The Baffler Online: Information Wants to Be Free, in Its Own Sweet Time

Filed under: Looked Into   Tagged: , , , , , ,

Jonathan Taylor writes:

Yves Smith of Naked Capitalism posts her article on Wall Street culture, "Indefensible Men," from the December 2009 issue of the revived Baffler, whose slowness or reluctance to post many of its articles have helped it make so much less of a splash than it would have, given contributors including Matt Taibbi, Naomi Klein, Lydia Millett and Michael Lind. (Yves Smith link via Matthew Yglesias, who notes in particular the handsome Niebuhr epigraph.)

I received, nth-hand, an e-mail sent out by a Moe Tkacik desperate to distribute her article at a time when it hadn't seemed to materialize in either paper or pixels (it has in the latter, at least). As for Christine Smallwood's "What Does the Internet Look Like?", we'll just have to keep looking at the rest of it.

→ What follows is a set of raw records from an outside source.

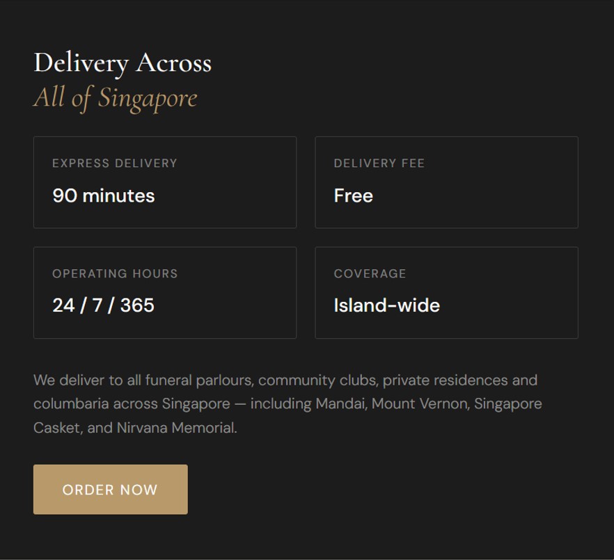 For the funeral flowers and sympathy flowers to express your condolences and thoughtful prayers, waiting is never an option. We offer excellent 24/7 condolences flower delivery to all parts of Singapore. We deliver flowers island-wide through our partnered local florists whether you want same day flower delivery or next day delivery of funeral flowers. We assure you that our island-wide flower delivery is real fast and quick because our florists are always ready to serve you 24 hours a day, seven days a week. No matter where the recipient is in Singapore, you can send flowers to wake or funeral using our reliable urgent delivery services. Show your sympathy immediately as soon as you hear the news with the most excellent funeral flowers, and let the grieving family know that you are always there to comfort and support them. TFS Funeral Florist is the name you can trust not just on flowers for different occasions but also for funeral flowers during the most difficult time.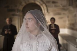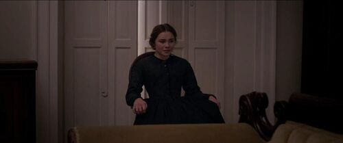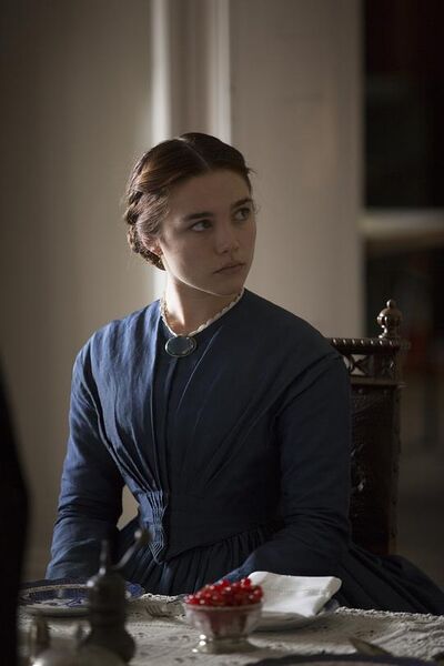 服装造型很好地帮助了皮尤塑造凯瑟琳。白色的棉质睡裙、淡粉色的丝绸家居服;具有象征意义的、令人窒息的塑身衣;与灰蒙蒙场景格格不入的亮蓝色裙子……在剧情的不同发展阶段展现了不同的凯瑟琳。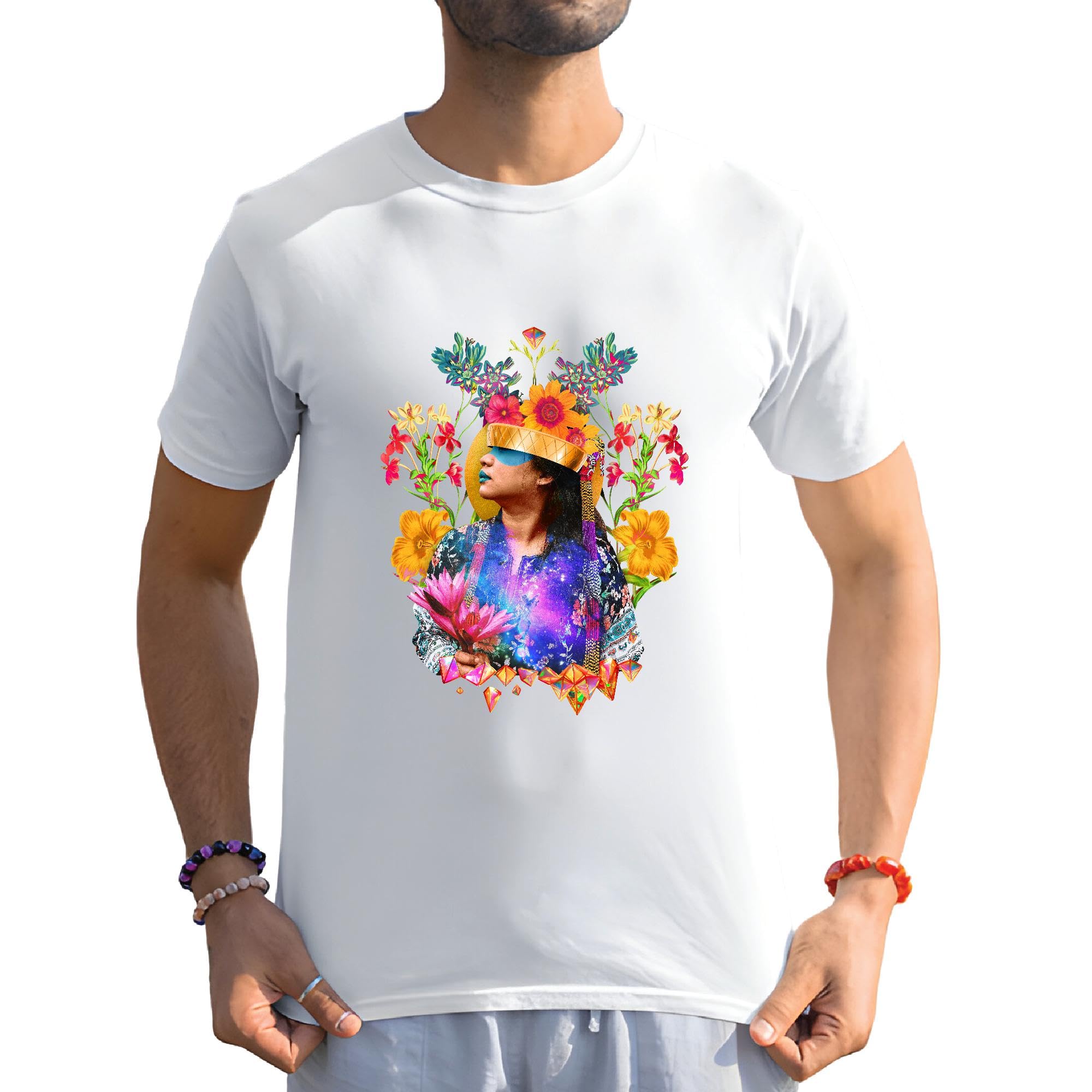 Psychedelic Flower Collage Gift for Girls Unique and Creative Present Idea Men Women White Gray Multicolor T shirt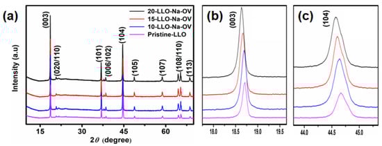 (a) XRD patterns of Pristine-LLO, 10-LLO-Na-OV, 15-LLO-Na-OV, and 20-LLO-Na-OV; (b,c) the magnification pattern of (003) and (104) peaks.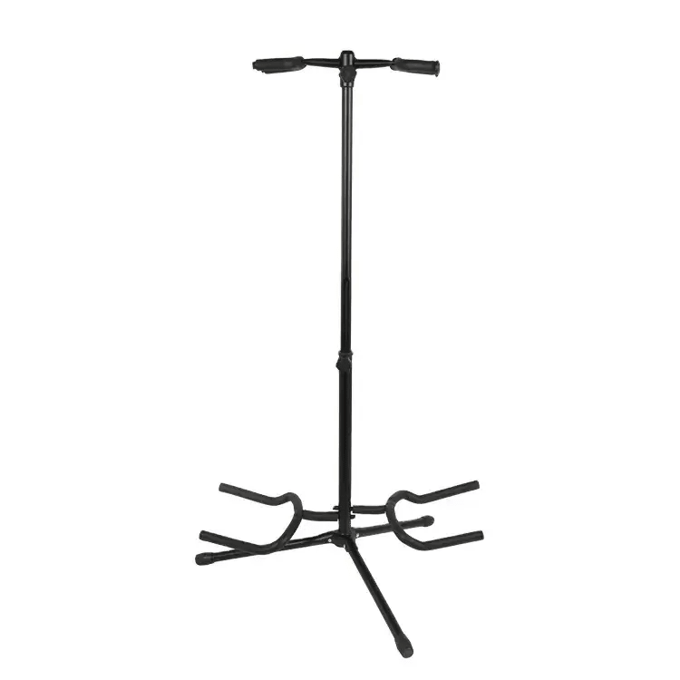 BBT Foldable Double Tripod Acoustic / Electric Guitar Stand - Black - Holds 2 Guitars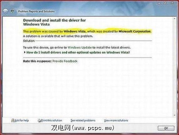 但是,瞧瞧,这里的Windows让我们知道Microsoft Windows Vista引起了问题!该窗口使您知道有一个可以解决此问题的解决方案,但是最好的解决方案可能是停止使用Vista。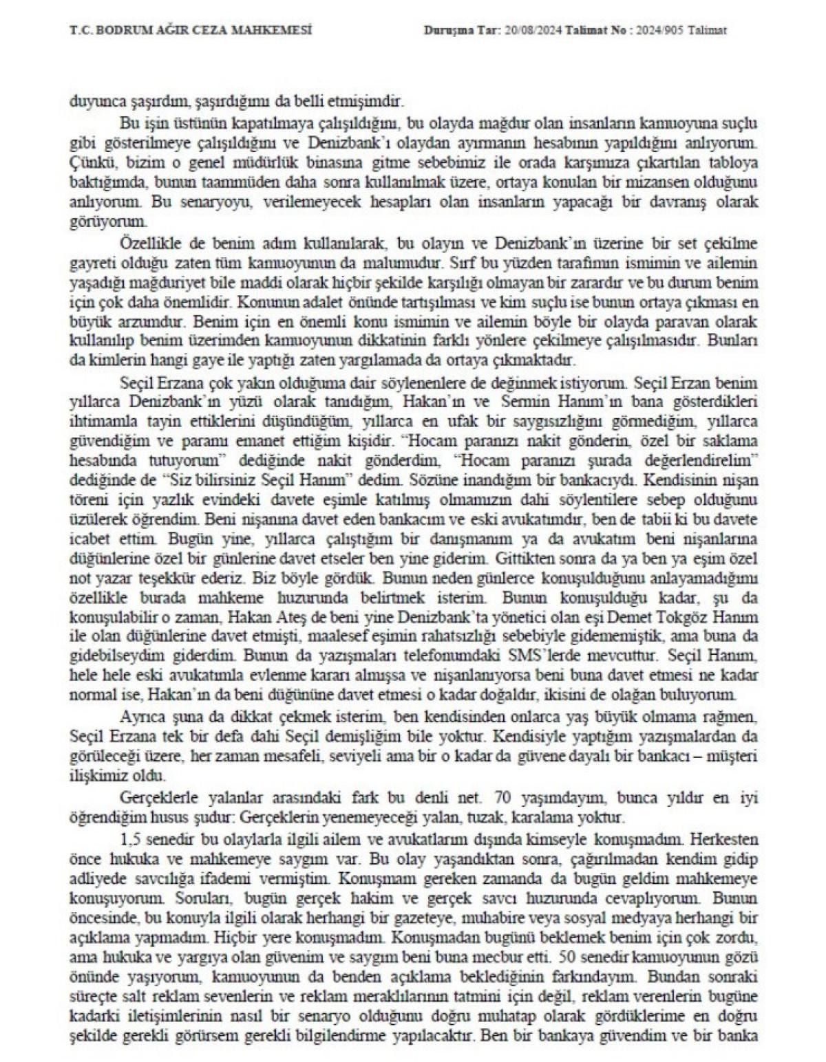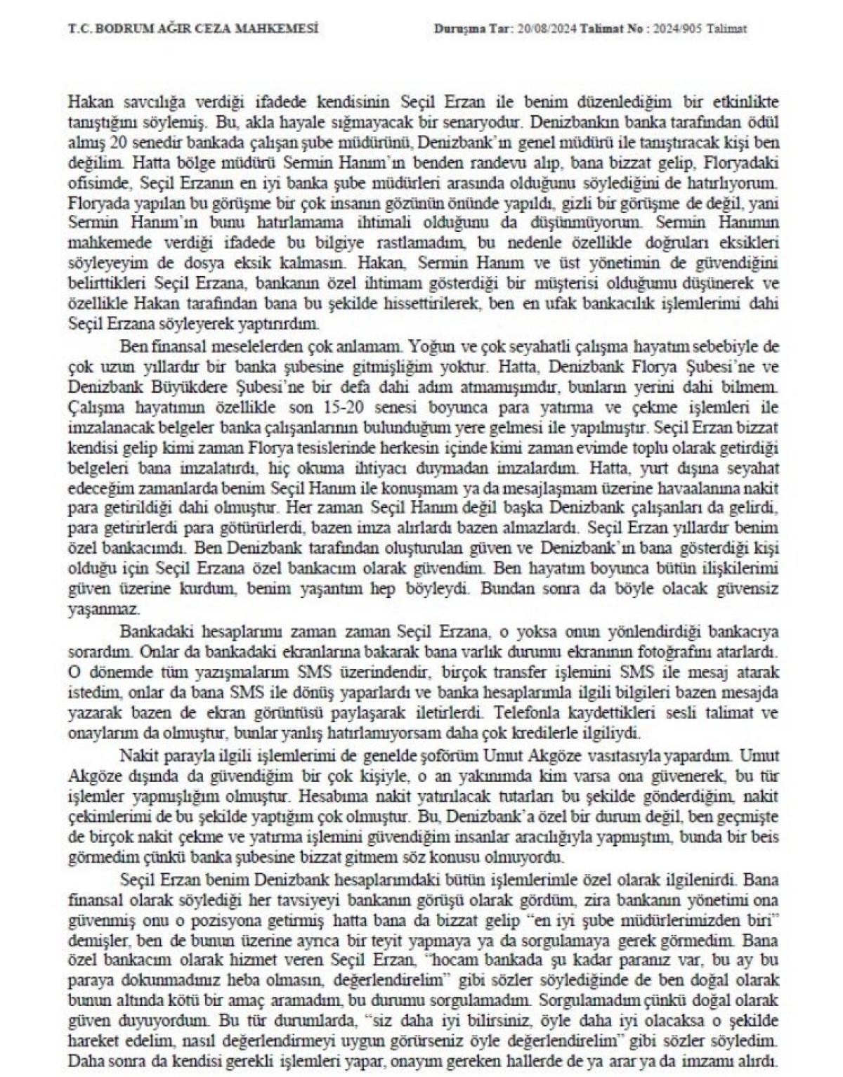 Hatta, yurt dışına seyahat edeceğim zamanlarda benim Seçil Hanım ile konuşmam ya da mesajlaşmam üzerine havaalanına nakit para getirildiği dahi olmuştur. Her zaman Seçil Hanım değil başka Denizbank çalışanları da gelirdi, para getirirlerdi para götürürlerdi, bazen imza alırlardı bazen almazlardı. Seçil Erzan yıllardır benim özel bankacımdı. Ben Denizbank tarafından oluşturulan güven ve Denizbank’ın bana gösterdiği kişi olduğu için Seçil Erzan'a özel bankacım olarak güvendim. Ben hayatım boyunca bütün ilişkilerimi güven üzerine kurdum, benim yaşantım hep böyleydi. Bundan sonra da böyle olacak güvensiz yaşanmaz. Bankadaki hesaplarımı zaman zaman Seçil Erzan'a, o yoksa onun yönlendirdiği bankacıya sorardım. Onlar da bankadaki ekranlarına bakarak bana varlık durumu ekranının fotoğrafını atarlardı. O dönemde tüm yazışmalarım SMS üzerindendir, birçok transfer işlemini SMS ile mesaj atarak istedim, onlar da bana SMS ile dönüş yaparlardı ve banka hesaplarımla ilgili bilgileri bazen mesajda yazarak bazen de ekran görüntüsü paylaşarak iletirlerdi.

In 1995, the original Baffler threw a party at the Knitting Factory in New York that was covered in a Talk piece, which is written in that style of deadpan that mocks weakly with a sort of faux-naif air, so annoying to me, and, I think, less commonly deployed than it used to be: "About three hundred people showed up, mostly striving writers and publishing types. Dress was exceedingly casual." (It followed an item about Nutella—"pronounced 'noo-tella.'")

The Baffler also made a cameo in a 2008 Jeffrey Eugenides story, "Great Experiment":

For sixteen years now, Chicago had given Kendall the benefit of the doubt. It had welcomed him when he arrived with his "song cycle" of poems composed at the Iowa Writers' Workshop. It had been impressed with his medley of high-I.Q. jobs the first years out: proofreader for The Baffler; Latin instructor at the Latin School.

Did or does The Baffler even have paid proofreaders?